Как-то накануне 9 мая, включив телевизор, случайно попал на передачу, где ребята из поискового отряда раскопали очередную безвестную могилу нескольких советских солдат времен Великой Отечественной войны. Бросилось в глаза то, что под поржавевшей каской "улыбались" свету божьему два ряда ровных белоснежных зубов. И сердце стиснуло от жалости, ведь такие зубы могут быть только у очень молодого солдата, вчерашнего мальчишки. Мальчишки, который погиб за то, чтобы я мог жить. Мы в неоплатном долгу перед солдатами, воевавшими и победившими в страшной войне. 20 миллионов погибших. А сколько раненых, контуженых? Сколько горя принесла война и тем, кто волею судьбы выжил, но страшные отметины остались навсегда.

Даже уже в шестидесятых в общественной бане, куда народ любил ходить всегда, даже имея благоустроенное жилье, а уж тем более из неблагоустроенного, было жутко смотреть на страшные рубцы и свищи от пуль и осколков, на безобразные культи рук и ног, хозяева которых, отстегнув в предбаннике незатейливые деревянные протезы, добирались до парилки, держась за стенки или с помощью товарищей, отпуская матерные шутки по поводу своей беспомощности.

Как много было таких, покалеченных войной, в начале шестидесятых, а к концу шестидесятых инвалиды войны на улицах встречались уже не часто. Раны и болезни прочно укладывали их в больничные койки, порой на всю оставшуюся жизнь. С каждым годом их можно было видеть все реже. Разве что 9 мая бойцы этой Великой Армии, собравшись с силами, дружно выходили на улицы в старых потертых военных френчах с боевыми орденами и медалями на груди. Кто-то сам шел на костылях, кого-то везли на тележке. Измученные, уставшие, но светлые лица, пронзительные глаза, смотрящие сквозь прохожих в прошлое. Такими они запомнились мне, частица моего детства, моей Родины, моей Йошкар-Олы.

Изменилась жизнь, изменился город. Каждый новый день приносит приобретения и потери. Жизнь проходит в таком быстром темпе, что остановиться и оглянуться просто некогда. Поэтому для меня всегда интересно и поучительно послушать людей, которые знают о войне не понаслышке. Перед глазами встает не придуманная история города, где сразу после войны, как и по всей России, было голодно и холодно, но поколение победителей, возвращаясь домой из мест службы и госпиталей, сквозь пот, кровь и слезы приспосабливалось к новой жизни. К жизни, где не надо с нетерпением ожидать сводок с фронта, не надо снова и снова идти в бой или просто бояться почтальона, повернувшего к вашему дому, потому что он может принести "похоронку".

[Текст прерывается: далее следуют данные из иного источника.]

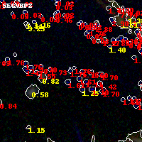 Black segments are analyzed here. Roll mouse over color images to view segments. Best viewed in a wide browser window (1200 pixels or more). Download SED & P(z) plots to view larger versions.
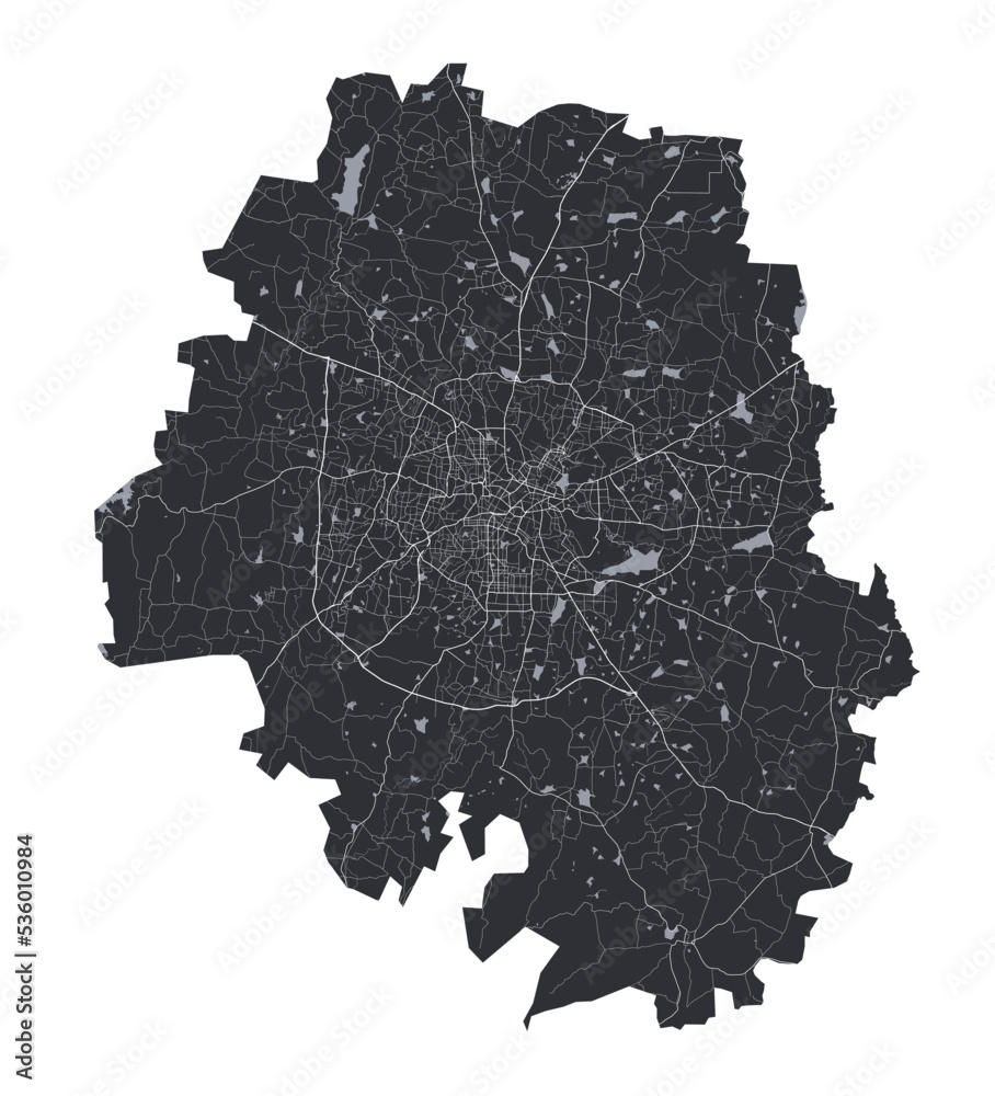 Bangalore map. Detailed black map of Bengaluru city poster with
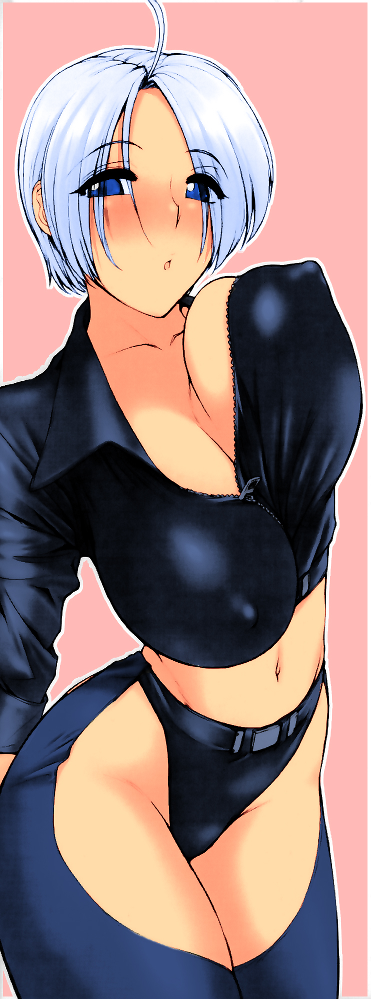 yamashita shun'ya, sweet dreams, absurdres, highres, 1girl, armlet, armor, black hair, breasts, cleavage, dagger, female focus, full body, hand on own hip, high ponytail, hip focus, jewelry, knife, long hair, ponytail, simple background, solo, standing, thighlet, weapon, white background, wide hips
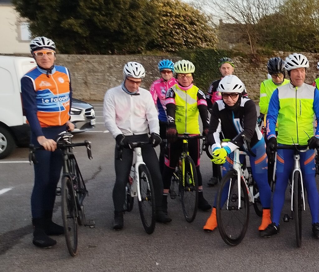-« Nous partîmes à six valeureux coursiers, bravant le froid. La malchance a obligé Didier à l’abandon aux portes de Tourc’h, câble de dérailleur HS. Il a donc fait appel à son véhicule d’assistance. Les cinq autres ont rejoint sans dommage Le Faouët. Belle balade, certes bien fraîche avec une distance de 73.5 Km et un dénivelé de 780m. »

И уже не страшны немцы, потому что они пленные, обустраивают вблизи города Сернурский тракт бутовым камнем и просят мальчишек продать им картошки. Но картошки у мальчишек нет, самим кушать нечего.

Очевидцы рассказывают, что дороги в послевоенном городе мостили деревянными чурбаками, которые проворные мальчишки время от времени таскали втихаря для обогрева своих жилищ. С каждым годом жить становилось легче. В магазинах и на рынке все больше появлялось разнообразных продуктов, и, хотя были очереди и нормы отпуска в одни руки, домашние запасы понемногу пополнялись. За ценами был жесточайший надзор со стороны государства, поэтому кусок твердокопченой колбасы мог позволить себе и простой работяга.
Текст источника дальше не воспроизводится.